***** Input data

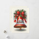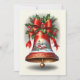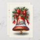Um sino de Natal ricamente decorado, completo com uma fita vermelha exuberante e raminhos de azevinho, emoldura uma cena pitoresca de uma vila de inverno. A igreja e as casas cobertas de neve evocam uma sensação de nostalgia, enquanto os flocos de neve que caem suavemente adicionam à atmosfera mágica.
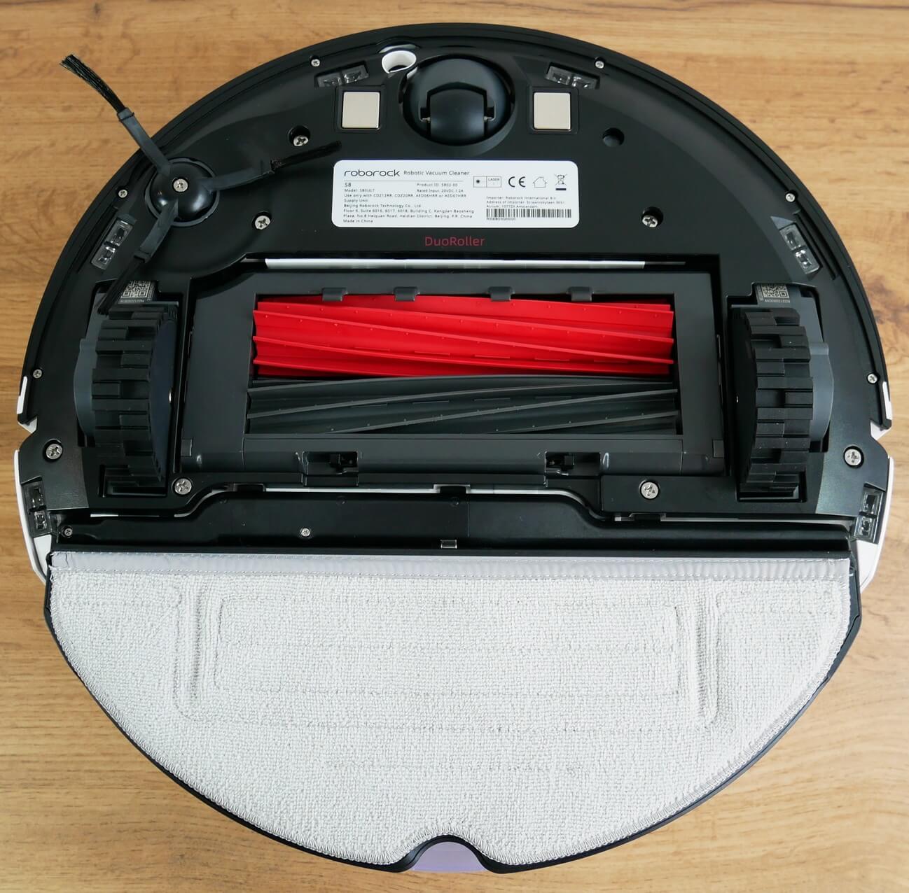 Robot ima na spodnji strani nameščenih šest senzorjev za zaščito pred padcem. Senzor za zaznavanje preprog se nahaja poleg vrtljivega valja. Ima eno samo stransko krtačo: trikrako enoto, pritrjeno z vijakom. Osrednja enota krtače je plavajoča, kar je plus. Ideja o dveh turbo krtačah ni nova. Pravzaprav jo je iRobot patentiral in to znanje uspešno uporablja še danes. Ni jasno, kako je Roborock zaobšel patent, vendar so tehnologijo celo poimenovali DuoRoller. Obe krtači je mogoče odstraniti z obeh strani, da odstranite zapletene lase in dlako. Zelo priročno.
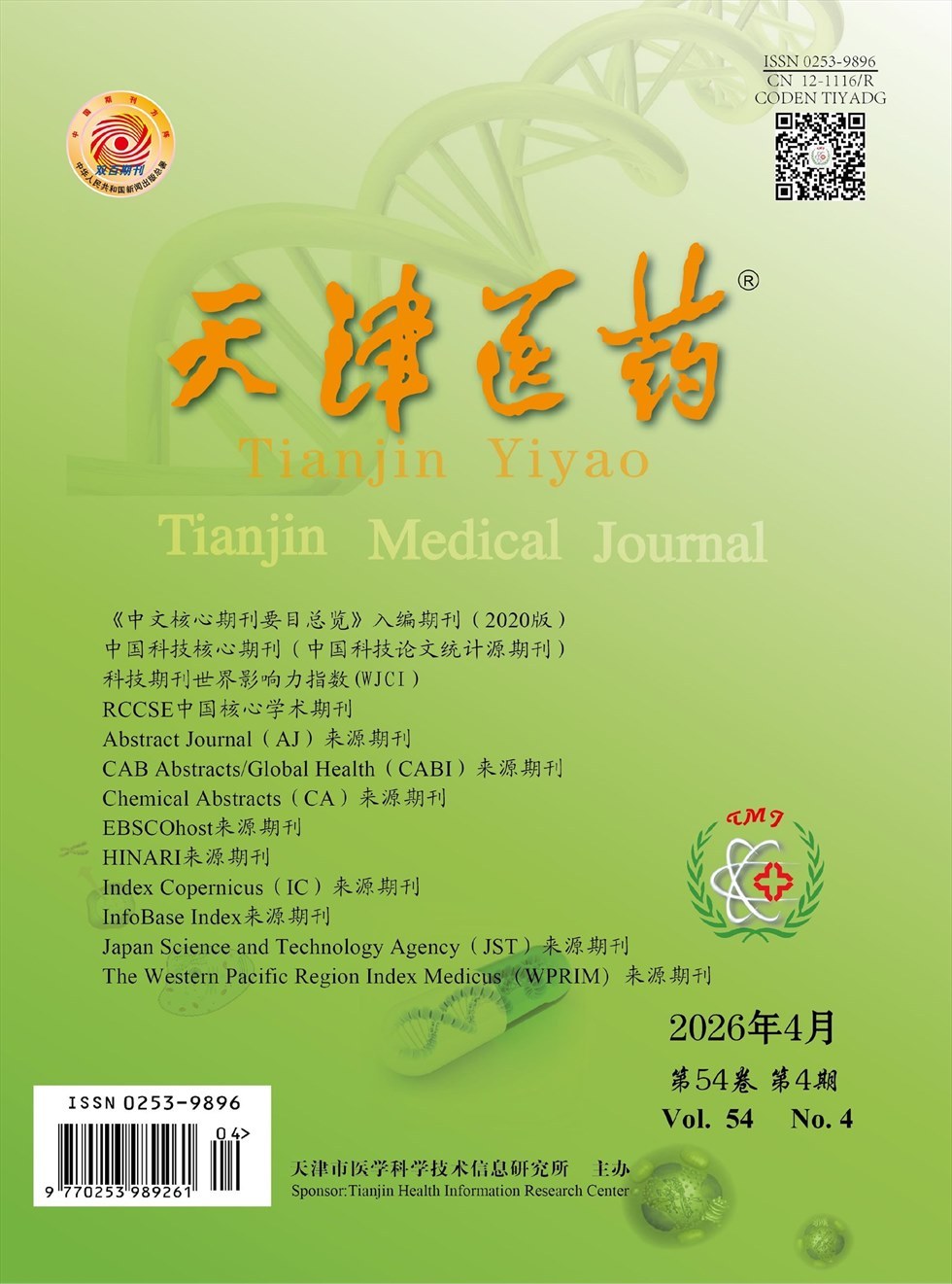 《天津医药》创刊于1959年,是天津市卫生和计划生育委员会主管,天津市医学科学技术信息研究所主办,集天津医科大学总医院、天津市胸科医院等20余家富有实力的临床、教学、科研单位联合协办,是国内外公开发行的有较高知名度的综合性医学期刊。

**********

Exercise prompt: Everything in the data except the pictures must appear in your answer unchanged.

Completed exercise:
Um sino de Natal ricamente decorado, completo com uma fita vermelha exuberante e raminhos de azevinho, emoldura uma cena pitoresca de uma vila de inverno. A igreja e as casas cobertas de neve evocam uma sensação de nostalgia, enquanto os flocos de neve que caem suavemente adicionam à atmosfera mágica.
 Robot ima na spodnji strani nameščenih šest senzorjev za zaščito pred padcem. Senzor za zaznavanje preprog se nahaja poleg vrtljivega valja. Ima eno samo stransko krtačo: trikrako enoto, pritrjeno z vijakom. Osrednja enota krtače je plavajoča, kar je plus. Ideja o dveh turbo krtačah ni nova. Pravzaprav jo je iRobot patentiral in to znanje uspešno uporablja še danes. Ni jasno, kako je Roborock zaobšel patent, vendar so tehnologijo celo poimenovali DuoRoller. Obe krtači je mogoče odstraniti z obeh strani, da odstranite zapletene lase in dlako. Zelo priročno.
 《天津医药》创刊于1959年,是天津市卫生和计划生育委员会主管,天津市医学科学技术信息研究所主办,集天津医科大学总医院、天津市胸科医院等20余家富有实力的临床、教学、科研单位联合协办,是国内外公开发行的有较高知名度的综合性医学期刊。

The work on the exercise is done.